As mentioned earlier, the client Id and secret are passed into Boomi from APIM as custom headers. Since the transport layer between APIM and Boomi is HTTPS, this information is securely transmitted. The headers are retrieved and saved as Dynamic Process Properties in the Boomi process, which allows them to be referenced later on in the process flow.
In Boomi, the connection properties of a Connector shape are set at design time via the canvas, or through extensions during deployment. Boomi enables setting up environment-specific configuration parameters via the concept of extensions. For instance, the D365 connection information can be parameterised against each individual environment via environment extensions.

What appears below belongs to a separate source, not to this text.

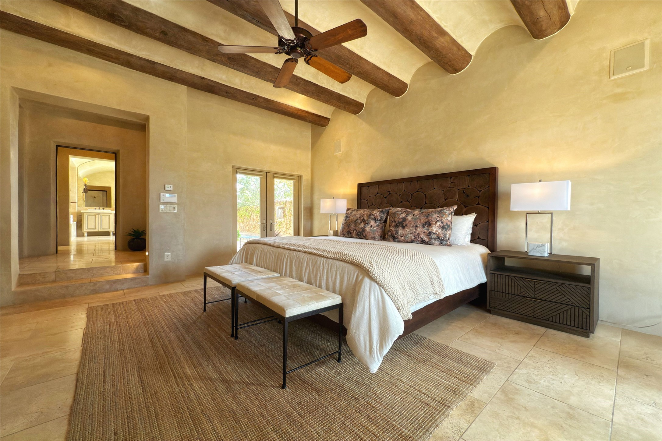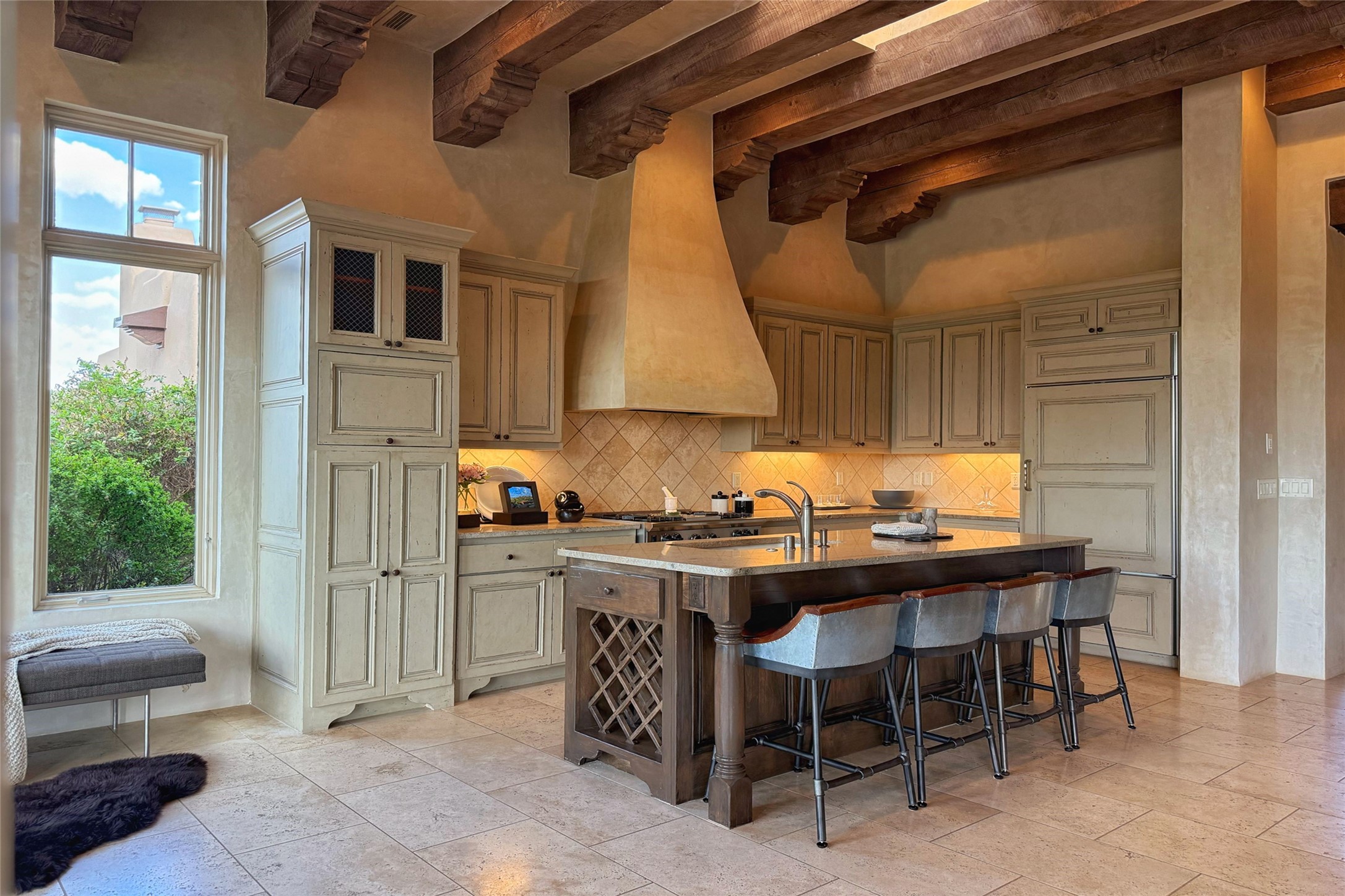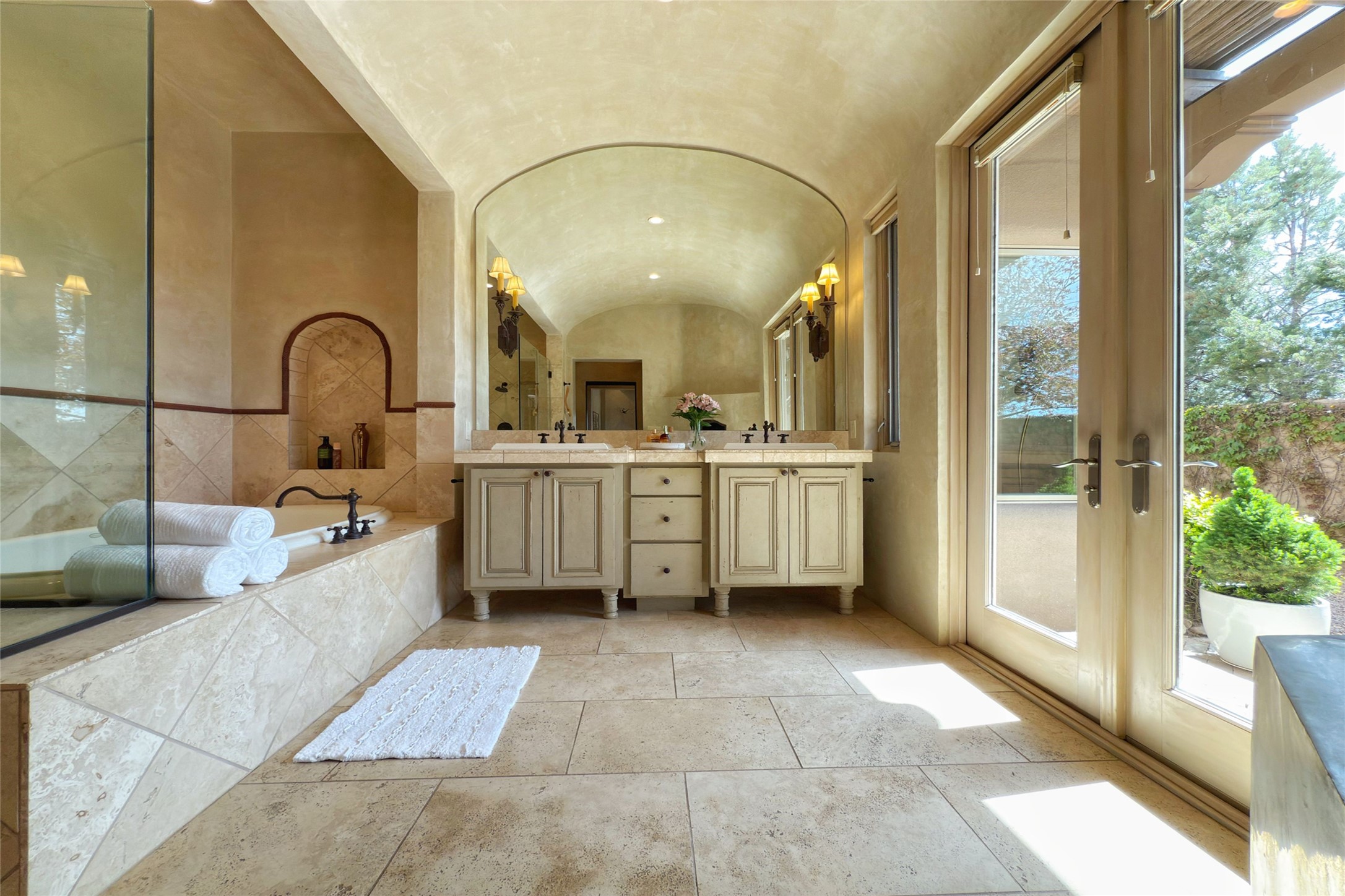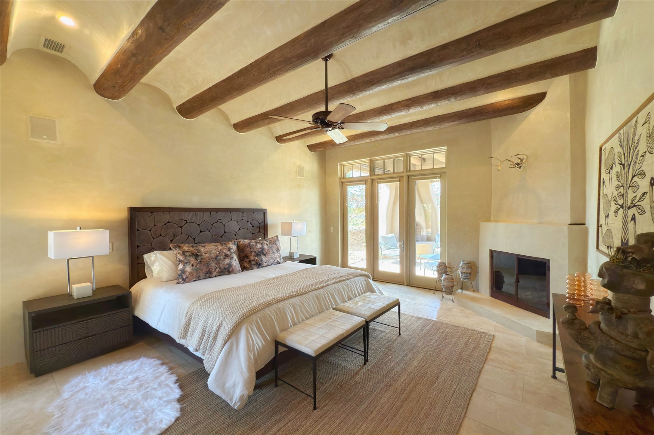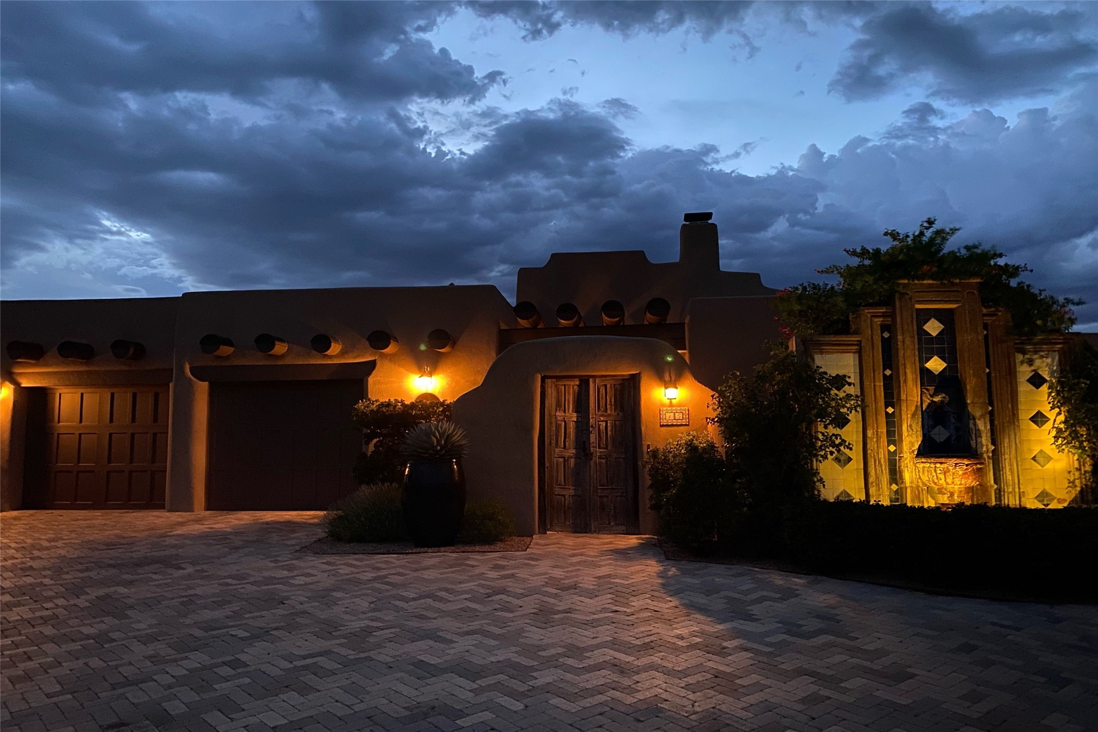A superb location, this Las Campanas villa home provides majestic panoramic views of the Jack Nicklaus sunset golf course and Jemez / Sangre de Cristo mountain ranges. Surrounded by large open space owned by The Club at Las Campanas, affording excellent privacy. European-inspired architecture and finishes create an opulent, yet relaxed environment. Enjoy golf course views at a comfortable distance. The home sits at the end of a cul-de-sac, providing extra privacy and tranquility and ample guest parking. This home won the Parade of Homes awards for Best Floor Plan and Best Outdoor Space and features a grand arched entryway with floor lights and large Restoration Hardware mirrors to reflect the outdoors. The builder spared no expense on architectural detail and finishes: soaring 14 ft cathedral ceilings, wall wash skylights, travertine floors, handsome carved grand fireplace with custom glass doors, diamond plaster walls, granite countertops, Sub-Zero refrigerator, Wolf oven/stove, and six indoor/ two outdoor gas and wood-burning fireplaces. A sheltered interior courtyard brings the outdoors in. Choose the formal dining room that opens to the lovely courtyard or the casual eat-in nook with views. The primary bedroom suite has direct entrance to the outdoor portal overlooking the golf course and is separated from the guest bedrooms at the opposite wing of the home. Luxurious primary spa bath accesses a private enclosed side portal. Garage has large built-in cabinets for plenty of additional storage. Upgraded to entire smart home capability with high end indoor/outdoor Sonos sound system. Restoration Hardware mirrors and select indoor and all outdoor furniture pieces, as well as custom handcrafted TV cabinet and Murphy bed are included. New stucco, new roof, and tankless water heater with additional high capacity tank. Las Campanas golf membership available for purchase, subject to approval. With outstanding location, views and design, this home is truly captivating.

To address our problem that requires load balancing of the D365 user credentials, we need to allow the connection properties to be dynamically configured at runtime.
Boomi Dynamic Connection to the Rescue
In general, Boomi connectors have a limitation whereby only one user credential can be used for authentication purposes with any backend system, including D365. Recently, Boomi has introduced the concept of Dynamic Connections, available for customers as an Add On feature that allows us to dynamically pass credentials per user (not bound to only one). The use of each Dynamic Connector is limited to the Customer's connectivity to a unique application instance, in this case, it is MS Dynamics 365, accessible via the 'Microsoft Dynamics 365 for Customer Engagement' Application Connector. Depending on the purchase agreement, the customer will have access to a certain number of Standard/Test licenses available to be used for this feature.
Configure the Connection
By enabling the 'Allow dynamic connector properties' option on the Microsoft Dynamics 365 for Customer Engagement Connector, it is possible to override certain connection settings and extension values through the use of the “Set Properties” shape.
This allows us to override client credential details each time a call from Boomi is made to D365. For instance, a pool of 5 client Id/secret pairs can be used to load balance the API calls between five D365 application users, which increases the request volume available to the application.
Set Dynamic Process Connection Properties
The values for client Id and client secret are set dynamically using a set of previously defined Dynamic Process Properties. A typical Boomi process requiring this would follow this pattern:
The Set Properties shape can be used to configure the client Id and client secret as Dynamic Process Connection Properties as shown below, with the values being set to the corresponding values of the previously configured Dynamic Process Properties:
This article presented how to ensure Dataverse API service limits are not reached through a solution implementation that used a combination of Boomi and Azure APIM. Boomi provides the capability to enable special connector features that can help overcome these types of scenarios with minimal effort, and as such is one of the advantages of utilising a low code integration platform.